▶ [YOUR TASK]: Using the listing below, print the line containing "Attention : le", the line containing "Prego, the Italian", and each line between them, exactly and nothing else. Pictures stay out of the print.

▶ [THE DATA]:
+++
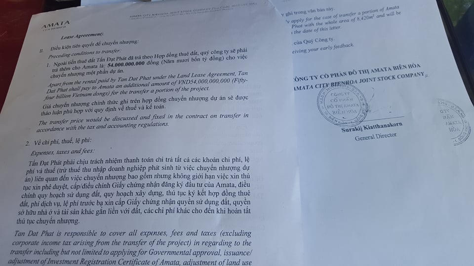 Đồng thời, tại cuộc họp do Ban Hành động hỗ trợ doanh nghiệp của tỉnh Đồng Nai chủ trì với sự tham dự của Văn phòng UBND tỉnh, Sở Kế hoạch & Đầu tư, TN&MT, Xây dựng, Cục thuế cùng đại diện Cty Amata Biên Hòa và Cty Tấn Đạt Phát, các bên cũng đã thống nhất theo 2 phương án: Một là Cty Amata Biên Hòa chuyển nhượng QSDĐ cho Cty Tấn Đạt Phát hoặc thay đổi nội dung trong giấy phép đầu tư; hai là đề xuất cho Cty Tấn Đạt Phát được cấp GCNQSDĐ như các doanh nghiệp đóng tiền thuê đất một lần cho 50 năm.
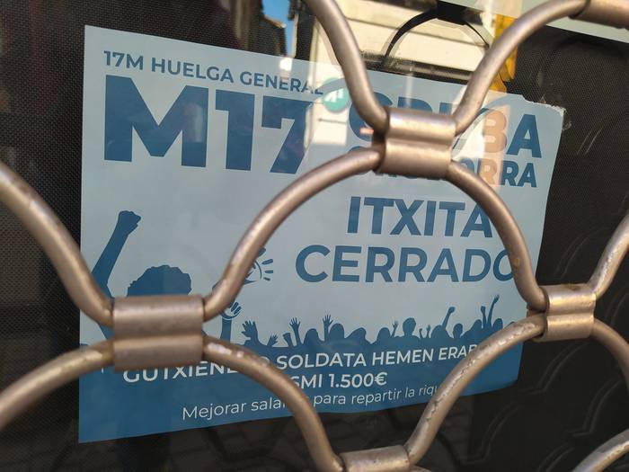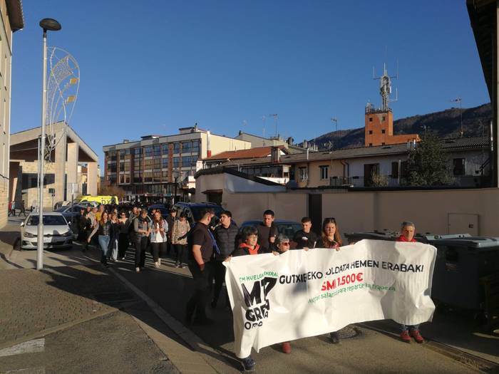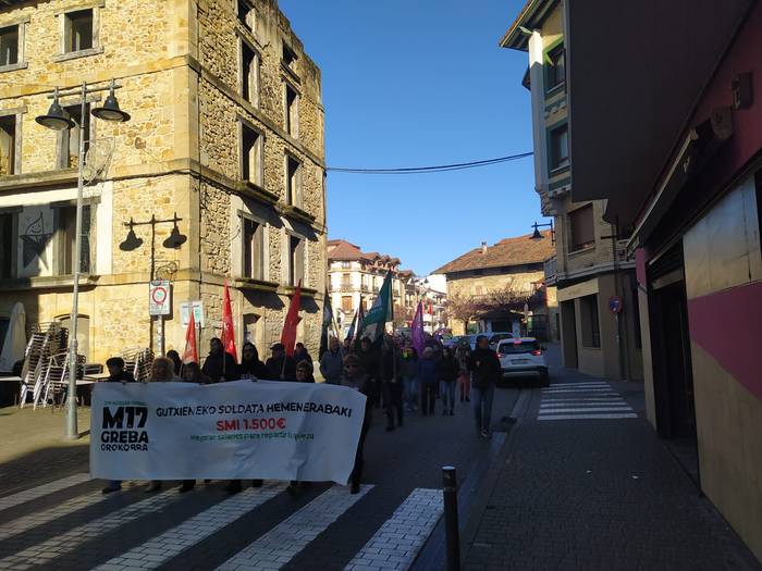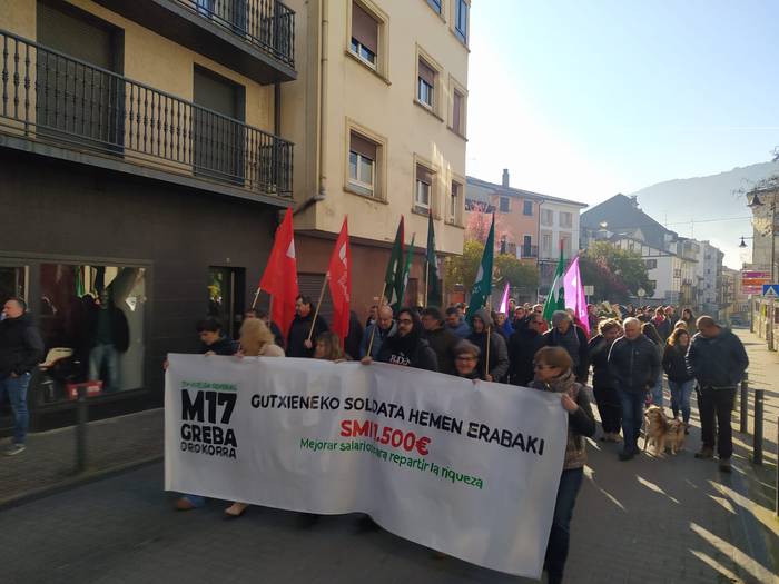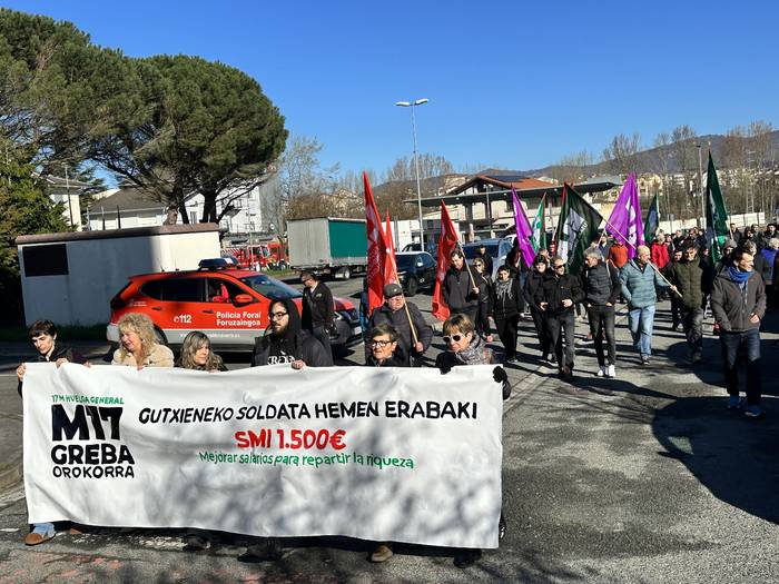 Gutxieneko soldata 1500 euro aldarrikatzeko greba orokorra egin dute ELA, LAB, Etxalde eta HIRU sindikatuek. Goizean mobilizazioak eta piketeak izan dira, besteak beste, Irurtzunen, Etxarri Aranatzen, Bakaikun eta Altsasun.Â
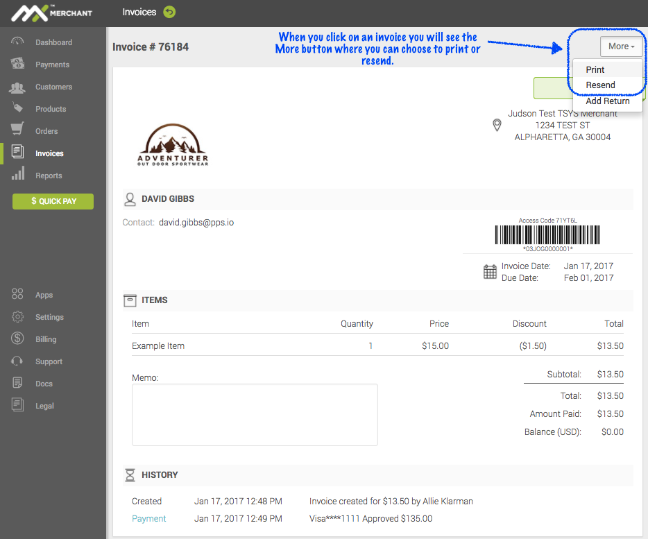 Another option is to click the Resend option under the more button rather than the Print. When you click Resend, it will allow you to select the email address for the customer which will send them a link to the invoice so they can print or save it themselves.
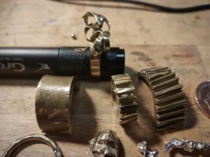 Attention : le but de ces ateliers n’est pas de repartir avec une œuvre à mettre à votre doigt (bien qu’il soit possible de travailler à votre projet dans les limites du thème de l’atelier) mais bien d’acquérir des techniques et de les expérimenter afin de les utiliser dans vos prochains bijoux. Ce choix vous permet d’aborder la séance plus détendu sans le stress d’avoir quelque chose à « produire » et sans la moindre « compétition » avec les autres participants .
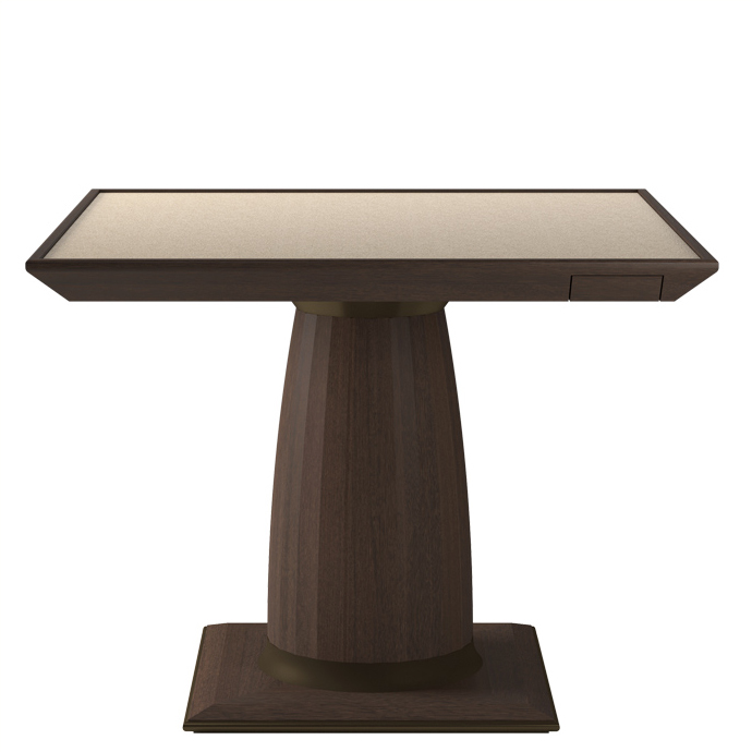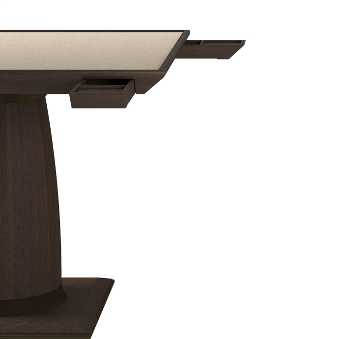 方形游戏桌,用于纸牌和麻将苏库皮拉或天然橡木结构,桌面配有纳米技术无污渍软化毡玻璃,配有四个抽屉,用于薯条和饮料、金属零件。
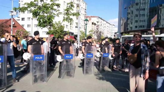 Eskişehir`de Onur Haftası nedeniyle Ulus Anıtı önünde toplanarak yürüyüş yapmak isteyen gruba emniyet güçleri müdahale etti. Ellerindeki pankartlarla slogan ata...
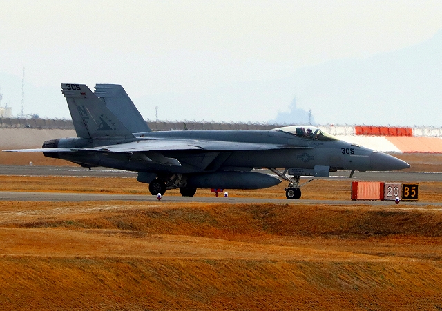 米海軍艦載機 F/A-18E スーパーホーネット 戦闘攻撃機(岩国基地)、NF、305番機が着陸 |
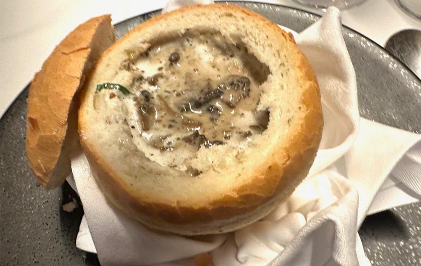 Prego, the Italian specialty restaurant on Deck 7, has been renamed and enhanced. It is now known as Osteria d’Ovidio to honour Manfredi Lefebvre d’Ovidio, former owner of Silversea Cruises and now Executive Chairman of the Abercrombie & Kent Travel Group. His Italian influence on the menu shows. Our favourite dishes included Lobster in Aqua Sale, Salt Baked Sea Bass, Tortello Pasta with braised beef and Risotto with Scampi. Missing from the menu (to the disappointment of several guests) was a Prego highlight, Mushroom Soup in a Bread Bowl. But the main restaurant, Waterside, includes it at least once per cruise.
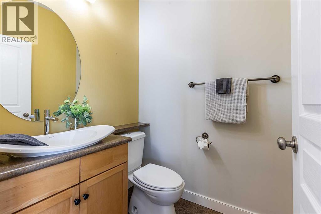 Executive Walk-Out Living with Sweeping River Valley Views - 137 Ranchlands Blvd NEFrom the moment you arrive, this executive walk-out half duplex makes a lasting impression with its distinctive architecture, charming curb appeal, and welcoming covered front veranda. Step inside to a spacious entryway with a generous closet—ideal for busy households and everyday convenience. The main floor is thoughtfully designed for both comfortable daily living and effortless entertaining. At the front of the home, the inviting living room is accented by stylish acoustic panel features and modern LED lighting, creating a warm yet contemporary atmosphere. Toward the back of the home, the space opens to the kitchen and dining area—where the true showstopper awaits. Unforgettable river valley views provide a breathtaking backdrop and can be enjoyed from nearly every angle.The kitchen is both functional and inviting, offering ample cabinetry, granite countertops, and excellent workspace for the home chef. Step outside to the expansive covered deck, complete with sunshade and a gas line for your BBQ—an ideal setting to cook, dine, or relax while taking in the sweeping scenery. The main level also includes a convenient powder room, laundry area, and a smartly designed built-in desk with granite countertop, tucked neatly into a functional workspace nook. Upstairs, the primary suite is a true retreat featuring a walk-in closet, a spacious ensuite with heated floors, and its own private balcony, perfectly positioned to take in beautiful sunrise views and start your day with morning coffee. A versatile bonus room sits between the bedrooms, ideal for a family room, home office, or play space. The second generous bedroom also offers a walk-in closet and is serviced by a full 4-piece bathroom. The fully developed walk-out basement adds even more living space, featuring a comfortable family room, dining area with fridge and coffee bar, a large additional bedroom, a 4-piece bathroom, and ample storage. From here, enjoy direct access to the fully fenced and landscaped backyard with underground sprinklers, as well as the attached garage and large driveway conveniently located off the alley. Bonus Value: This home is being offered fully furnished, with the exception of a few staging pieces—providing a rare, turnkey opportunity for buyers seeking a seamless move-in experience. Offering exceptional comfort, thoughtful design, and views that simply can’t be replaced, this is a truly unique property. Homes like this don’t come along often—schedule your private showing today. (id:55690)
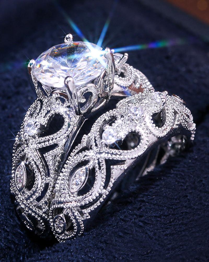 2PCS/Set Square Crystal Stone Hollow Out Wedding Couple Rings, Silver
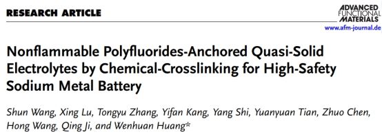 基于上述問題,近日,陜西科技大學(xué)化學(xué)與化工學(xué)院黃文歡教授團(tuán)隊(duì)設(shè)計(jì)并制備了氟修飾固態(tài)薄膜,以同時(shí)調(diào)控鈉離子傳輸和固體電解質(zhì)界面(SEI)的形成。研究表明基于該固態(tài)薄膜的鈉金屬扣式/袋式電池均表現(xiàn)出高循環(huán)穩(wěn)定性(在0.5/1 C下, 4000/2000循環(huán)后,容量分別為86.9和80.0 mAh g-1)。此外,該薄膜能夠在高溫條件下分解產(chǎn)生氟清除自由基,能夠有效阻斷電池?zé)崾Э貢r(shí)的燃燒鏈?zhǔn)椒磻?yīng),從而防止電池二次燃燒。研究成果發(fā)表于學(xué)術(shù)期刊Advanced Functional Materials,題為“Nonflammable Polyfluorides-Anchored Quasi-Solid Electrolytes by chemical-crosslinking for High-Safety Sodium Metal Battery”。
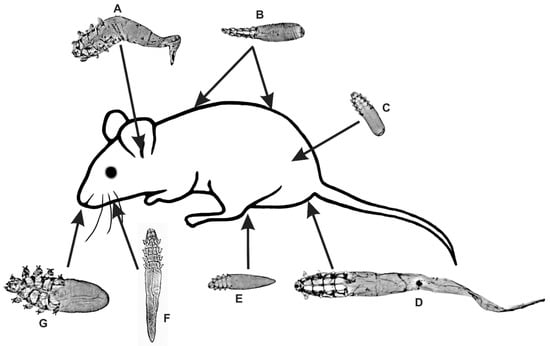 Topographic preferences of demodecid mites in house mouse: (A) Demodex conicus. (B) Demodex musculi. (C) Demodex marculus. (D). Demodex flagellurus. (E) Demodex fusiformis. (F) Demodex vibrissae. (G) Glossicodex musculi.
+++
▶ [WRITTEN ANSWER]:
 Attention : le but de ces ateliers n’est pas de repartir avec une œuvre à mettre à votre doigt (bien qu’il soit possible de travailler à votre projet dans les limites du thème de l’atelier) mais bien d’acquérir des techniques et de les expérimenter afin de les utiliser dans vos prochains bijoux. Ce choix vous permet d’aborder la séance plus détendu sans le stress d’avoir quelque chose à « produire » et sans la moindre « compétition » avec les autres participants .
 方形游戏桌,用于纸牌和麻将苏库皮拉或天然橡木结构,桌面配有纳米技术无污渍软化毡玻璃,配有四个抽屉,用于薯条和饮料、金属零件。
 Eskişehir`de Onur Haftası nedeniyle Ulus Anıtı önünde toplanarak yürüyüş yapmak isteyen gruba emniyet güçleri müdahale etti. Ellerindeki pankartlarla slogan ata...
 米海軍艦載機 F/A-18E スーパーホーネット 戦闘攻撃機(岩国基地)、NF、305番機が着陸 |
 Prego, the Italian specialty restaurant on Deck 7, has been renamed and enhanced. It is now known as Osteria d’Ovidio to honour Manfredi Lefebvre d’Ovidio, former owner of Silversea Cruises and now Executive Chairman of the Abercrombie & Kent Travel Group. His Italian influence on the menu shows. Our favourite dishes included Lobster in Aqua Sale, Salt Baked Sea Bass, Tortello Pasta with braised beef and Risotto with Scampi. Missing from the menu (to the disappointment of several guests) was a Prego highlight, Mushroom Soup in a Bread Bowl. But the main restaurant, Waterside, includes it at least once per cruise.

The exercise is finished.